It’s an approach she’s taken pretty consistently since breaking up with her label and it seems to serve her well. The theory is that it’s more important to get long term fans than short term profits, those fans will pay back your investment in them tenfold at a later date. It’s an admirable policy if you can afford it and given the success of her Kickstarter project (with over $1.1 million raised) it seems to be working but I was reading through Amanda’s Tumblr site a few days ago and came across a post that, frankly, made me sad.
You can read the whole thing here (look for the first comment from Thom Martin) but here are the relevant bits.
“…it’s about perceived value. I have TBs of music. Mostly “free”. I’ve bought music online because I exhausted every way to try to download it free…Make me, the typical Gen-X-er give you money after the music is already out by sending me something useful like a AFP wine-opener with USB flash-memory containing the songs in FLAC, labeled properly and a poster and I’ll start paying $10+ for albums again.”

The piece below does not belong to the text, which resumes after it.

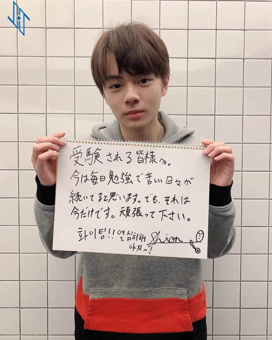 Shion’s Messages to exams takers! “At this moment, i believed everyone are going through a hard time due to studying. But you only go through those hardship now. Please do your best!! Hwaiting! Do your best!!”

Ignoring the legalities of “free” music, the idea that music itself, with all the talent, creativity and raw effort that goes into it has no perceived value but a USB wine-opener does is horrifying to me. Again, it’s this idea that the delivery method of a piece of art somehow affects its value. It’s an attitude that’s becoming more and more prevalent and as someone who grew up paying for their books, music, movies and videogames (the horror!), I find it extremely depressing that so many people are unable to make the connection between paying the people creating art and the existence of that art in the first place. If that’s the attitude of a “typical” Gen-X-er I need to find a way to change my birth date.